Last week’s election of Malia Bouattia as the next President of the National Union of Students (NUS) has split the commentariat, with some celebrating the fact that she is both the first Muslim and the first Black female President of NUS, and others pointing to her record of expressing political views that some have interpreted as anti-Semitism. Over the weekend, Bouattia has sought to offer explanations and context for her comments, but in the meantime, several students’ unions have expressed their intention to disaffiliate from NUS as a consequence of her presidency. What is the higher education sector to make of all this?
It is worth noting that NUS’s politics have been moving steadily leftwards over the past few years, with NUS Conference voting to adopt a policy of free education in 2014 and the left gaining a majority on NUS National Executive Council in 2015. NUS politics have moved with wider political trends, including the much-criticised resurgence of identity politics on campuses and the disaffection with mainstream politics that swept Jeremy Corbyn to the Labour leadership. These trends are not always reflected in students’ union-level politics, hence the disaffiliation threats.
Bouattia has promised action to diversify the curriculum, foster student-led activism and campaigning, defend free education and champion improved mental health services, an agenda that is not dissimilar to that of NUS Presidents over the last few years. In particular, NUS has been challenged by the question of how to harness the potential of student activism and social media to generate quickfire grassroots campaigns in response to emerging issues, while retaining a ponderous democratic structure that is intended to produce specific national priorities. Bouattia is apparently the latest in a line of NUS Presidents hoping to crack this nut.
Her opposition to the Prevent agenda may lead her to butt heads with the Government and HEFCE, and with students’ unions who either endorse Prevent or do not see it as a priority issue. But without a Counter-Terrorism Bill to focus attention, it is possible that Prevent will be less of a lightning rod for controversy than it has been this last year. Now that universities have their Prevent policies in place, presumably negotiated with their students’ unions, there are limited spoils available in this battle.
The concern is less Bouattia’s political positions than her potential tactics. NUS has fostered constructive relationships with governments and the higher education sector over the past ten years, to the extent that little happens in higher education policy without NUS’s input. There are voices on the left who consider the compromises involved in working with the Government to be unacceptable, and that time spent at the negotiating table is time wasted. If Bouattia decides to deprioritise negotiation with policymakers, then they could seek alternative student voices outside NUS or simply ignore students altogether. NUS’s prospects of seriously influencing the HE Bill or TEF would be compromised, and higher education policy would be the poorer for it.

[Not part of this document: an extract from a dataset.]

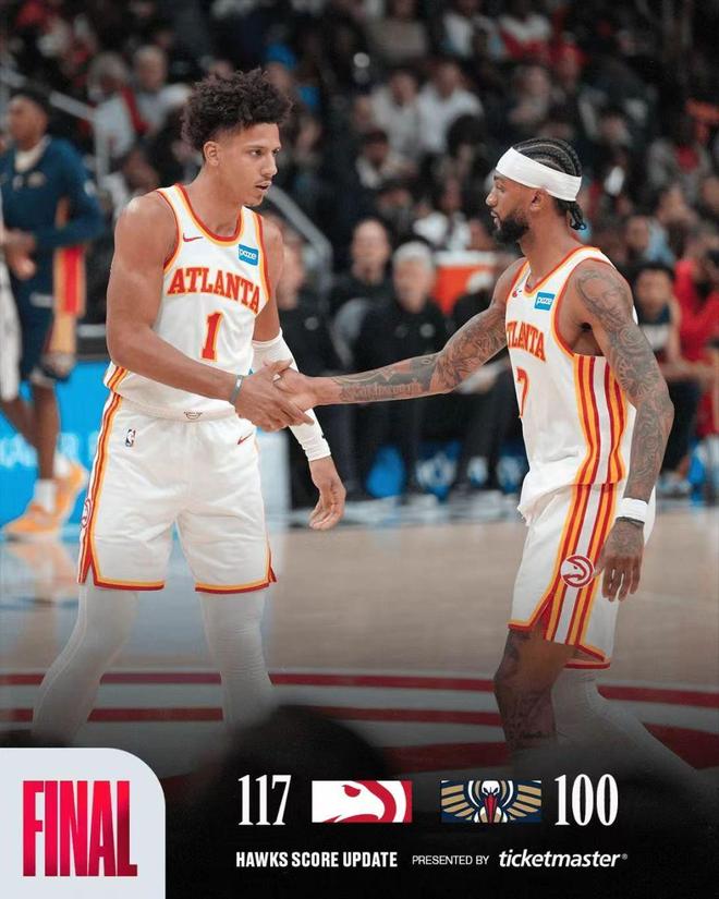 老鹰最多时刻取得25分领先优势,比赛已经提前失去胜负悬念,鹈鹕末节垃圾时间34-28追回6分,最终老鹰依然轻松117-100大胜鹈鹕完成赛季横扫。

The likelihood of immediate mass students’ union disaffiliation is low, mainly for pragmatic reasons. It requires a referendum of all students on campus to vote for disaffiliation or affiliation to NUS, and with exam season coming soon, students have bigger issues on their minds, notwithstanding the fact that a number of Jewish student groups have expressed deep concern over Bouattia’s election. Disaffiliations in reaction to particular issues that crop up during Bouattia’s presidency are much more likely. Moreover, NUS membership includes access to a range of useful services that have very little to do with national representation and campaigning, including collective purchasing, ethical clothing sales, the NUS Extra discount card, support for elections and crisis consultancy. Naysayers may argue that students’ unions can do without these services but their existence should give pause to those within students’ unions who might be arguing for disaffiliation.
Whether Bouattia’s words have been taken out of context or not, her engagement with student politics as NUS Black Students’ Officer has suggested that she is passionate about her politics and very good at political organisation. However, her record also shows that she is not particularly concerned with how her actions are perceived in the outside world or how the consequences of those actions might play out for the political influence of the organisation she leads. As she has said, as a Muslim woman, her words will be subject to increased scrutiny. She may believe that she should not have to adapt her approach or compromise her politics to get things done; no doubt all political leaders feel the same way at the start of their tenure. It is how they manage that tension that ultimately defines their legacy.
Sorry, but difficult to take “Zionist-led media” and Bouattia’s other Zionist references ‘out of context’. They are classic anti-semitic tropes. If she does not recognise and understand that, then it demonstrates a dangerous and worrying ignorance.
Oh dear, only in the NUS could what prima facie appears the most progressive of outcomes actually end up entailing a big step back.
Half the time I don’t know what antisemitism is these days, the goalposts are speeding, let alone moving. And consensus on what it is, or is not, is elusive. I doubt very much she is racially or culturally racist, whatever her politics might be.
She is also young, and an activist and we’ve all been pulled up for non-PC utterances – that’s how we learned what was or wasn’t acceptable. Such tropes are socially and historically constructed and some should be resisted, such as any suggestion that criticism of the state of Israel is inherently antisemitic or discriminatory.
She should be judged on how she behaves moving forwards, not for past foolishness. And she should be given a fair chance to prove her worth and leadership.
You doubt she is racially racist?
Anti-Semitism simply ‘non-PC utterances’?
And the classic ‘context’ argument – as poor a defence as ‘some of my best friends are…’.